Physics Mathematical Tools for NEET

As far as the NEET aspirants are concerned, one of the challenges they face while studying physics for the NEET exam is the mathematical operations and tools used at the time of solving numerical problems. However, this can be made easier if we learn the basic mathematical tools required in physics for the NEET exam.


In this article discussing the new and old mathematical tools in physics, we will see different physical constants and conversion coefficients that will come in handy while solving numerical problems. The importance of mathematics of tools like trigonometric functions of angles and their applications are discussed here.

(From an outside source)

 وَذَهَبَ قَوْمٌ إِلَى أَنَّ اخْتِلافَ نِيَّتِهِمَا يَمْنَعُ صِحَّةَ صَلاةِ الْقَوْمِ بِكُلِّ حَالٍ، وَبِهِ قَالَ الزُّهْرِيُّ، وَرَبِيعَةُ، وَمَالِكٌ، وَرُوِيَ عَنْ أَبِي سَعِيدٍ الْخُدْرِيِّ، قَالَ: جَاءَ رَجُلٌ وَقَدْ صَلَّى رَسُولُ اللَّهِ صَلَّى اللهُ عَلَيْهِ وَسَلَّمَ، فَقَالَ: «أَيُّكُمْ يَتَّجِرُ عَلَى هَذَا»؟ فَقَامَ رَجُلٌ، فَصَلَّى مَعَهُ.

The application of differentiation and integration plays an important role in solving most of the physics problems in several chapters.

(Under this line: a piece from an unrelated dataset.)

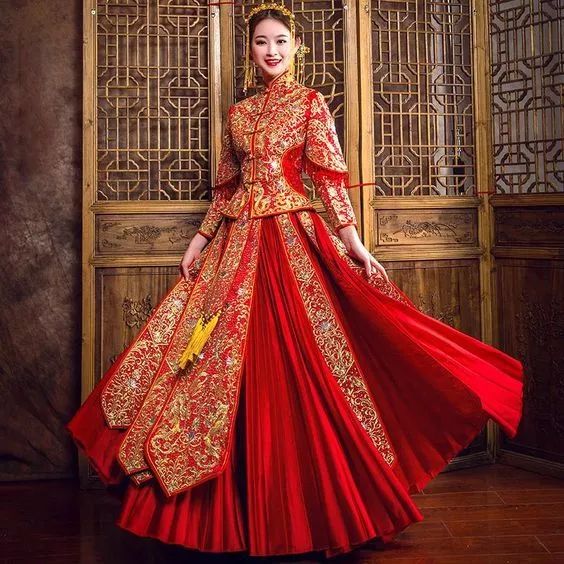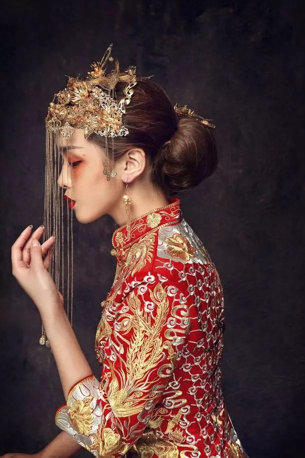 在人生最幸福的那天,如斯华丽装扮: 缨络垂旒,玉带蟒袍,着百花裥裙,穿大红绣鞋。 一抹浓艳满身喜庆,一如心中幸福满溢,又何止美哉!

Now, let us move on to the important concepts and formulae of mathematical tools required in physics for the NEET exam, along with a few solved mathematical tools examples.

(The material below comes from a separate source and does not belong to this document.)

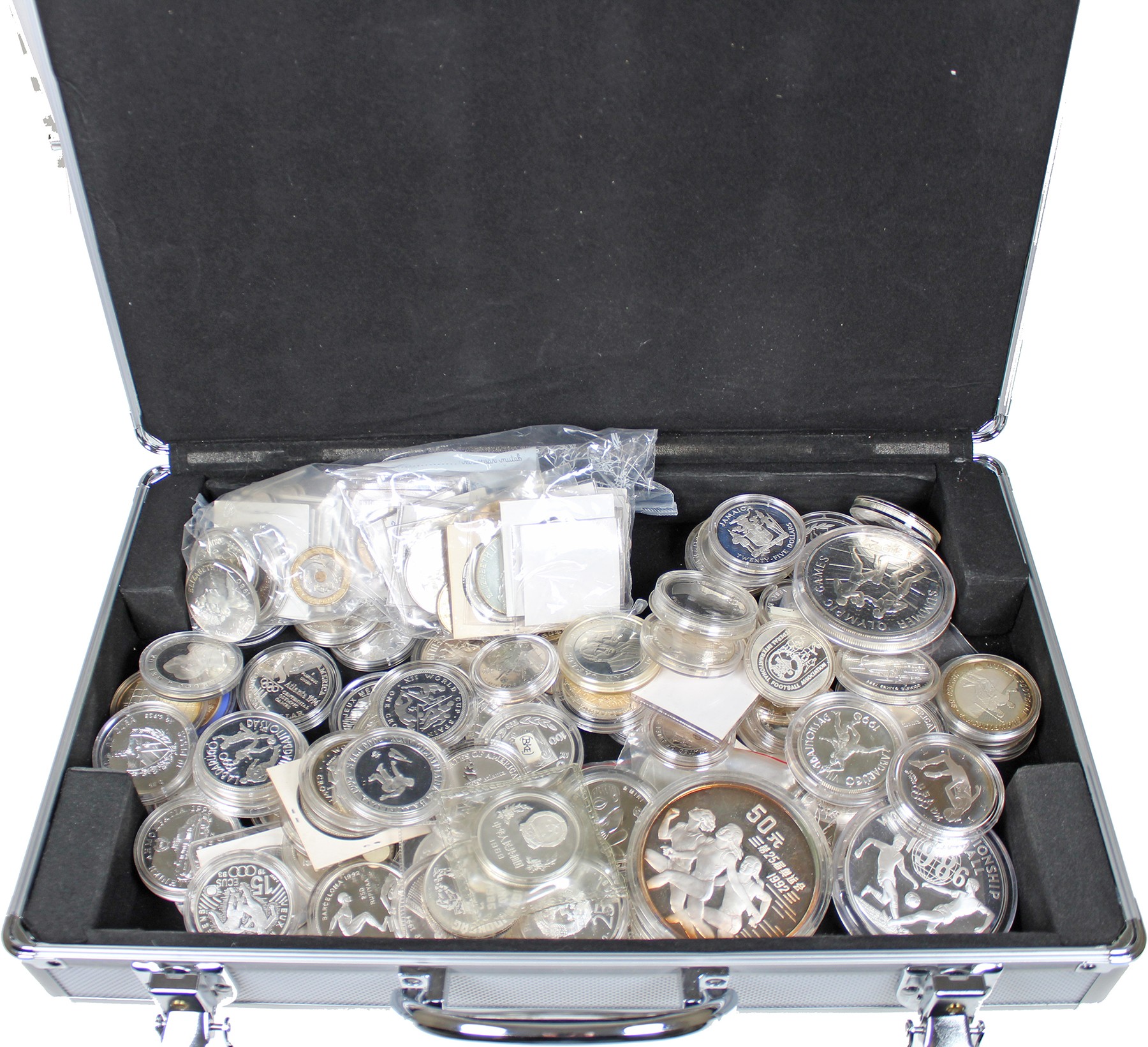 Zilverkleurig metalen koffer met ca. 2,5 kilo zilveren munten met als thema ‘sport’, veelal proof in capsule. Toegevoegd zakje met ‘sportmunten’ van onedel metaal. Moet gezien worden!

Important Topics of Mathematical Tools

  • Quadratic equation

  • Binomial expansion

  • Important trigonometric identities.

  • Differentiation

  • Rules of differentiation

  • Applications of differentiation

  • Integration and its application

  • Definite integral

  • Integration Formulae


Important Concepts of Mathematical Tools

Name of the Concept

Key Points of Concept

1. Quadratic equation

  • A quadratic equation is a second-degree equation in which the highest power to which the variable is raised is to the power 2.

  • The quadratic equation form is given below where a, b and c are constants

$ax^2+bx+c=0$

  • The discriminant of the quadratic equation is given by,

$D=b^2-4ac$

  • The solution of the quadratic equation is given by,

$x=\dfrac{-b\pm\sqrt{b^2-4ac}}{2a}$

  • One of the applications of quadratic equations in physics is calculating the time when the ball kicked by reaches at a height H. Here, we will get two values of time t1 and t1 after solving the quadratic equations.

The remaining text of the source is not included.